Shakers

Mar 23 2023 | By More

★★★☆☆     Funny

Bedlam: Tue 21 – Sat 25 Mar 2023
Review by Thom Dibdin

The EUTC make a decent fist of Shakers, at the Bedlam all week, playing to the broad comedy of the John Godber and Jane Thornton’s script but finding their best in its moments of pathos.

Director Izzy Ponsford has taken the excellent but potentially tricky decision to stage the show, about four waitresses in a cocktail bar, in the bar of the Bedlam. It’s not perfect but it easily passes muster and, for Bedlam veterans, this is as warm as I have ever experienced the venue in many years of reviewing there.

Abby Brooke, Izzy Pleasance, Lucy Melrose and Hollie Avery. Pic: Izzy Ponsford

Shakers is Godber and Thornton’s sister piece to Bouncers. And in a similar vein, it takes the framework of four characters in their working posts, then adds to that their depictions of – and reflections on – the punters around them, as well as diving into the characters’ own backstories.

All four performers here create more than passable basic characters, in a production which is set, as it was originally written for Hull Truck theatre company, in 1985. Here is a northern English town, in a time when a £2 cocktail was an acceptable, if slightly pricy, reality against the background of Thatcher’s Britain.

When it comes to observation of the cocktails waitresses as barkeeps they generate a fine level of detail, from the mixing of cocktails for the audience – some seats come with a bonus cocktail include on the price – and the natural back and forth when people are working behind a bar.

live music

They are helped by the production design itself. The immersive setting stretches to live music, with Zain Cruickshank on bass and Theo Vickers on piano significantly adding to the atmosphere of the bar design from Lilli Steffens which is unobtrusively lit by Freya Game.

Building out of this, each actor brings strongly natural realism, particularly to the monologues that go into their backstory.

Lucy Melrose and Izzy Pleasance. Pic: Izzy Ponsford

Hollie Avery is particularly compelling as Carol, bright but shunned at school, she has been away to college but found herself without the right background for the jobs she aspires to – then on coming home that she is over qualified for the jobs she has to settle for.

Avery does bolshy very well, standing up for their rights when young Nicki (Abby Brooks) comes in wearing shorts, as requested by the bar’s owner. Brooks herself is exceptional in the scene where Nicki is seen auditioning for a theatre role, with a self-written piece about her gran having a heart attack. There is both a nervousness and a warmth to the speech.

poignancy

Izzy Pleasance is never less than interesting to watch as Mel, happy to be at Shakers after the boredom of working in a dead-beat old man’s pub. While Lucy Melrose as Adele brings a poignancy to her tale of telling her parents she was going on holiday to Scotland, when in reality she was having an abortion.

It’s when the play steps away from these four characters to look at the punters that the comedy gets broader and the differentiation becomes less clear.

Abby Brooke and Hollie Avery.
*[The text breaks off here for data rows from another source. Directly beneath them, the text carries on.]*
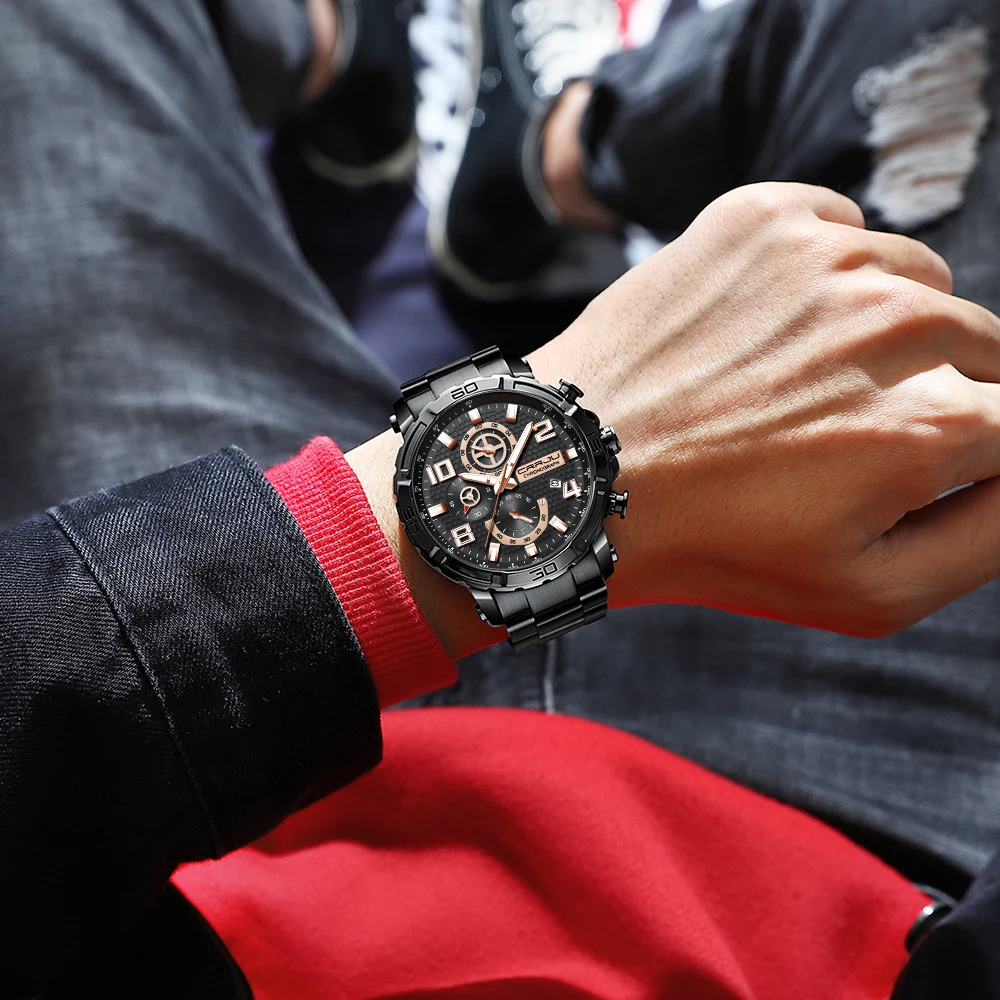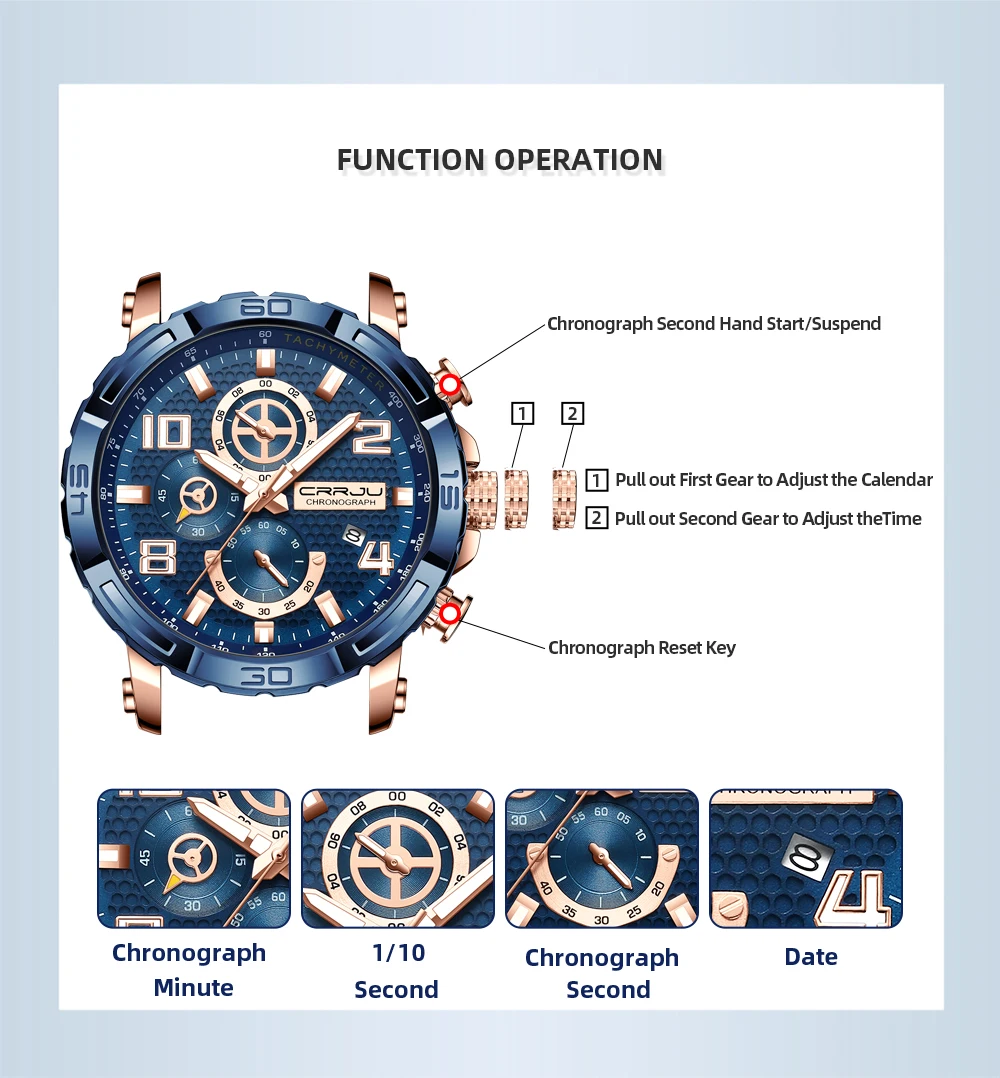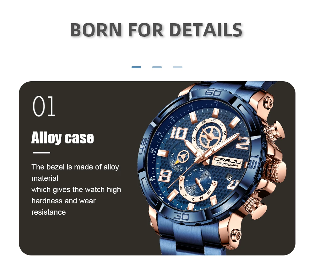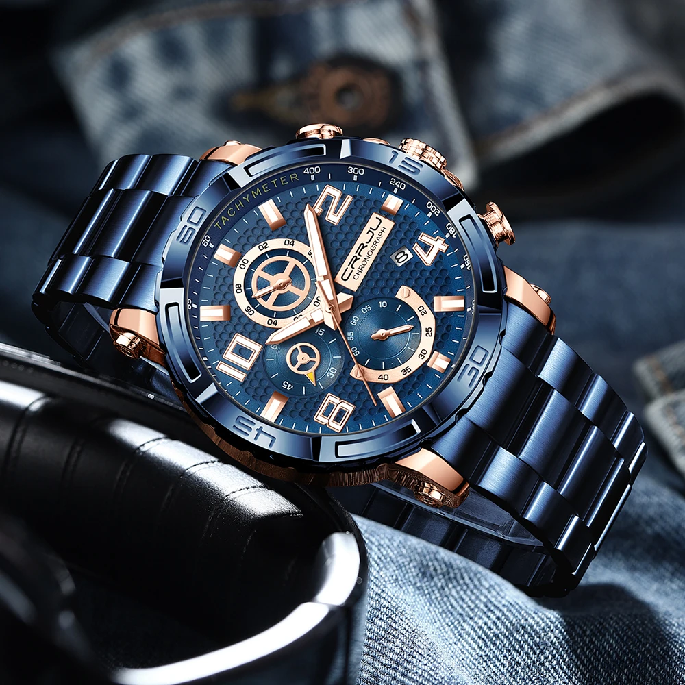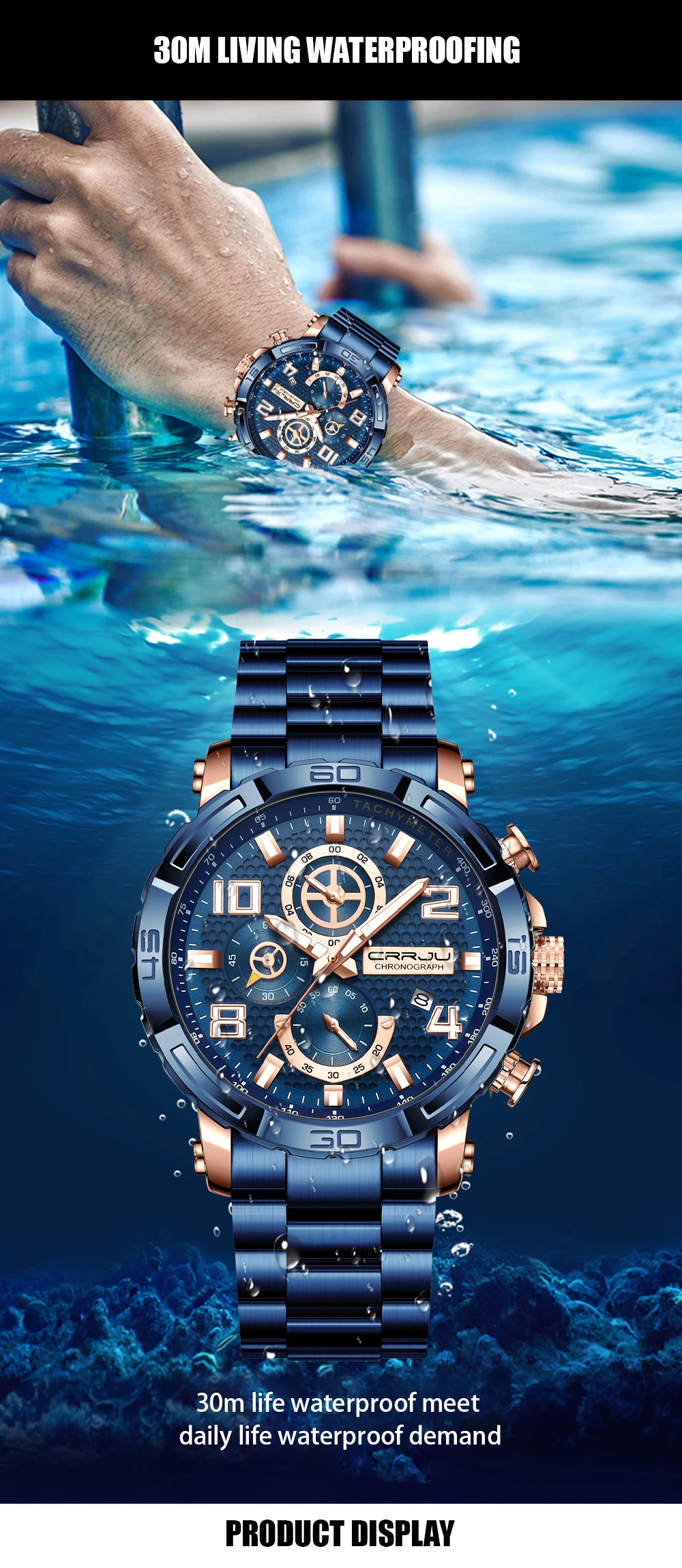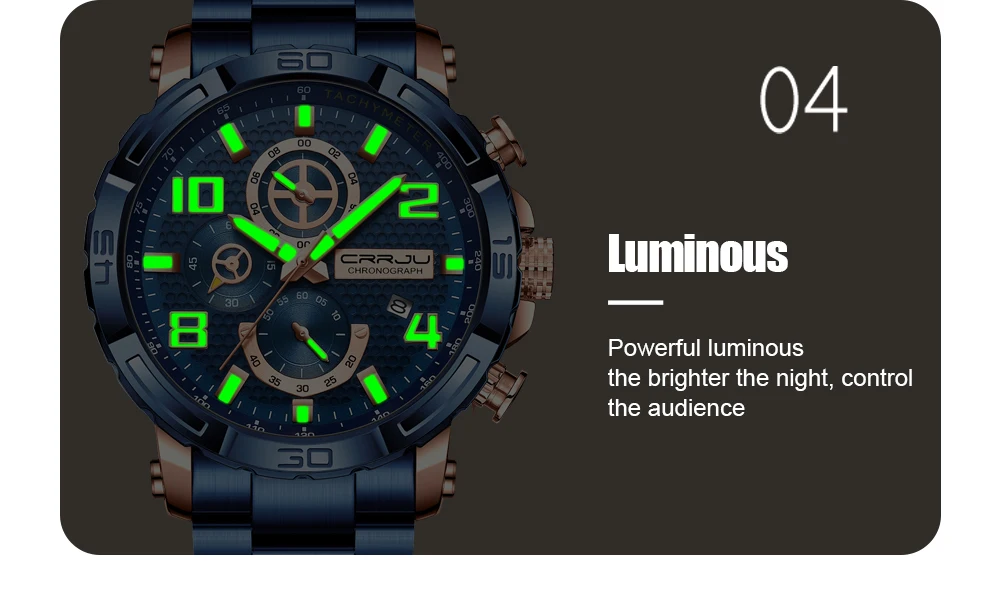 CRRJU Big Dial Stainless Steel Chronograph Watch
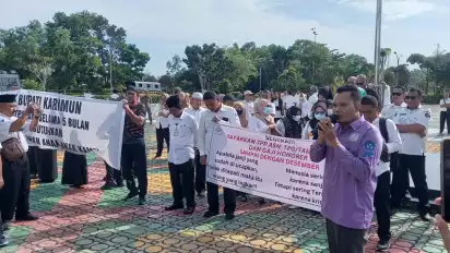 Karimun, tvOnenews.com - Sejumlah Aparatur Sipil Negara (ASN) hingga tenaga pendidik di Kabupaten Karimun, Kepulauan Riau menggelar aksi unjuk rasa di halaman Kantor Bupati, Rabu (8/1/2025) pagi.
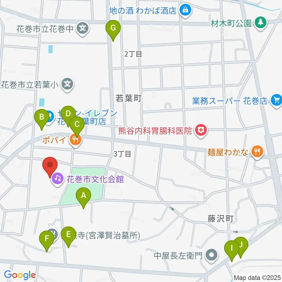 花巻市文化会館周辺の駐車場・コインパーキング一覧地図
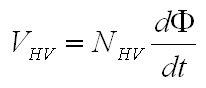 Where Φ is the magnetic flux in the core, VLV is the voltage across the
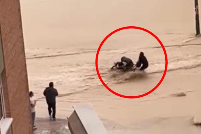 Na neverovatnom snimku iz gradića Molina de Segura vidi se dete koga je bujica u jednom momentu izbacila iz kolica.
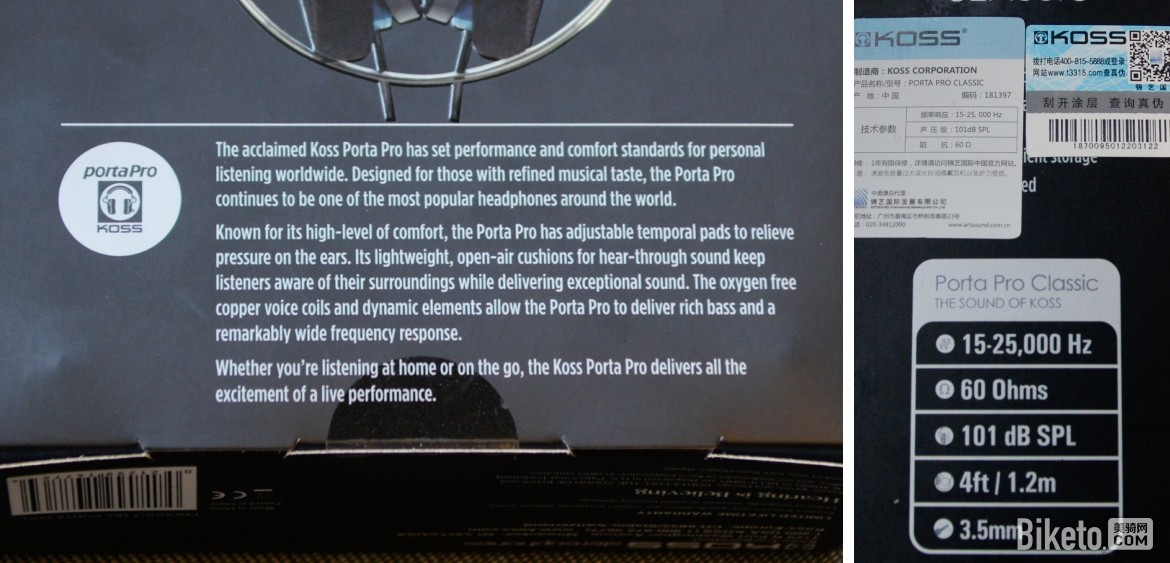 侧面和背面是一些参数和产品描述,可以看到Koss的中国总代是锦艺国际(同时也代理森海塞尔、骷髅头和Focal)。作为一款入门的随身耳机,PP的阻抗居然高达60Ω,不得不让人怀疑这玩意儿真的适合手机用吗?

Pic: Izzy Ponsford

They are still fun pieces of observational comedy: lads egging each other on to ask for a “long slow comfortable screw”; media types hiding from their wives, fit boys in their puffa jackets or the old duffers in flat caps at Mel’s previous job. Or girls getting ready to go out, being bitchy out clothes shopping or trying to squeeze into a pair of too small jeans.

It’s all fine enough, with the different characters being worked into the flow of the show well, while different hats help generate a bit of character, but there are not enough dimensions to each type for any one type to stand out and as a consequence they tend to blur into one, rather excitable, whole.

It feels as if the actors were just forcing the comedy that bit too much, broadening it out where they could relax and let the script do more of the heavy lifting.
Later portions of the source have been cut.